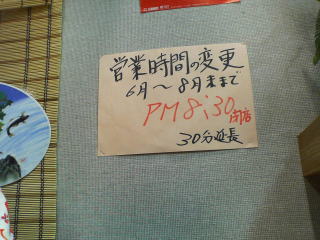 土曜日のみ午後8時半閉店と貼り紙がありました。
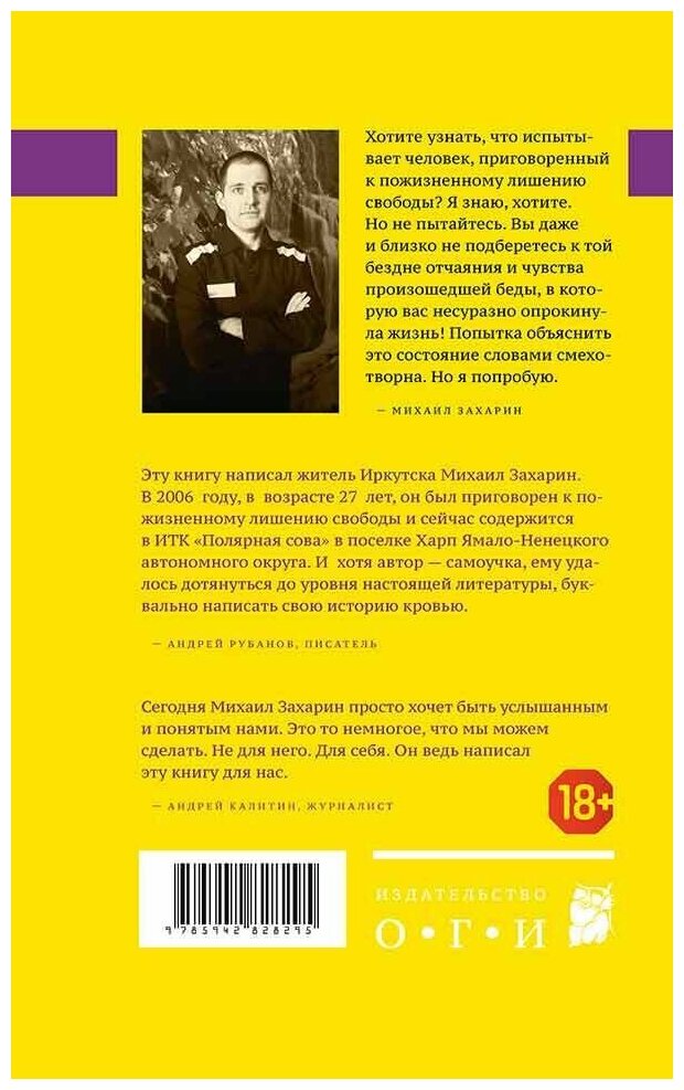 "Эту книгу написал житель Иркутска Михаил Захарин. В 2006 году, в возрасте 27 лет, он был приговорен к пожизненному лишению свободы и сейчас содержится в ИТК "Полярная сова" в поселке Харп Ямало-Ненецкого автономного округа. И хотя автор - самоучка, ему удалось дотянуться до уровня настоящей литературы, буквально написать свою историю кровью".
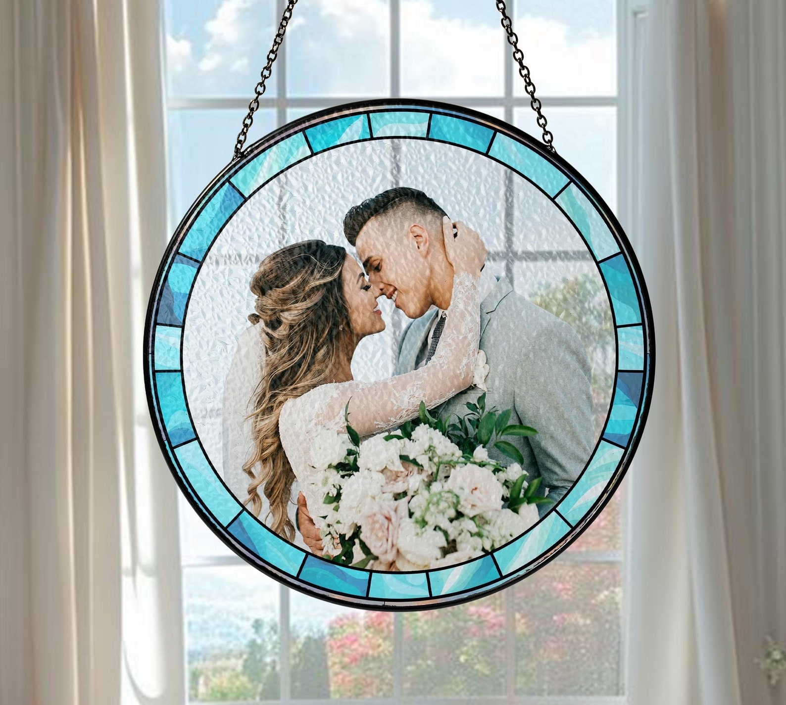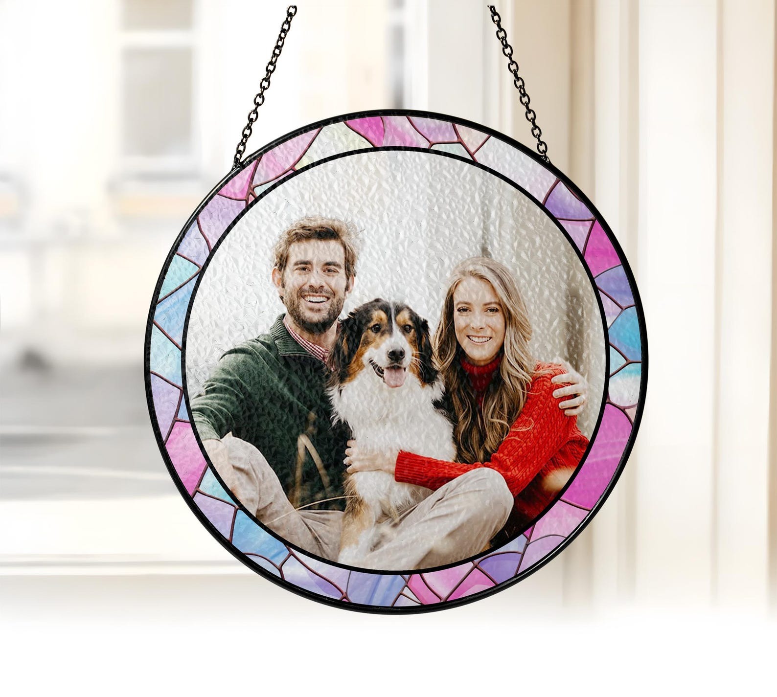 Hanging Design: Integrated hooks with a sleek black metal chain and a suction cup for easy installation in any window or space.

### Instructions for the task
Repeat verbatim the lines from the one holding "книгу написал житель" through the end of the listing above, both ends included, but not the pictures.

### Exercise solution
 "Эту книгу написал житель Иркутска Михаил Захарин. В 2006 году, в возрасте 27 лет, он был приговорен к пожизненному лишению свободы и сейчас содержится в ИТК "Полярная сова" в поселке Харп Ямало-Ненецкого автономного округа. И хотя автор - самоучка, ему удалось дотянуться до уровня настоящей литературы, буквально написать свою историю кровью".
 Hanging Design: Integrated hooks with a sleek black metal chain and a suction cup for easy installation in any window or space.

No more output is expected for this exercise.